Nicholas Matthew Neft Weinstock nweinsto at qti.qualcomm.com
Thu May 23 17:06:02 UTC 2019

Agreed.  I've been saying for a while (since I started participating on this board) that there needs to be clear recognition of the difference between the LICENSE and the PROGRAM, and make sure we're talking about the right thing.

Copyright ownership is more straightforward: Only one person is the owner of the Copyright covering the code, the person who created that code.  So if all contributors grant a Copyright license, you can reliably claim that the program's license gives all the Copyright rights a user needs.

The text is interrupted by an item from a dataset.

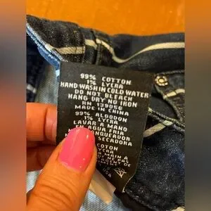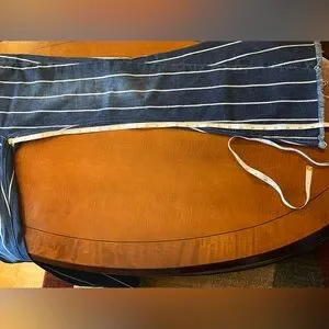 Medium blue wash with white vertical stripes and a raw, frayed hem.

But Patent ownership isn't like that.  It's not based on who created the code, it's based on who first invented the functionality.  If a program has functionality covered by a patent owned by a completely unrelated 3rd party, the program's license doesn't give all the Patent rights a user needs.  At best, you could claim that the program's license gives all the Patent rights FROM THE IDENTIFIED CONTRIBUTORS that a user needs.

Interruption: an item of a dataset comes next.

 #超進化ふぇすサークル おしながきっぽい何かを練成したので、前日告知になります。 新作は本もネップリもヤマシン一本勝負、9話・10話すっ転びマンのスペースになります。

In reviewing the OSD, some sections explicitly reference the license, such as section 3, while others explicitly reference the program, such as section 2.  It's interesting to note that section 7, the one that Richard identified as relevant to the CC0 discussion, says "The rights attached to the program..." which isn't clearly either one.

Nicholas Weinstock


From: License-discuss <license-discuss-bounces at lists.opensource.org> On Behalf Of John Cowan
Sent: Thursday, May 23, 2019 5:06 AM
To: license-discuss at lists.opensource.org
Subject: Re: [License-discuss] comprehensiveness (or not) of the OSI-approved list

Even if this is true (and I don't yet concede it), the lack of a patent
release from the software author(s) isn't the biggest threat.
Anyone who releases code under an open-source license
probably isn't going to turn around and sue you for patent
infringement, though it's certainly possible.  The deep threat
comes from third parties, which is a risk that neither ther the
licensor nor the licensee can reasonably mitigate.
If we accept that patent infringement makes a piece of
software not open source, we are in this position:  if someone asks
"Is program X open source?" our only replies are "Definitely not"
and "Maybe."  A classification like that isn't very useful.  It's more
meaningful IMO to say that such a program *is* open source and
accept that not all open-source software is usable everywhere.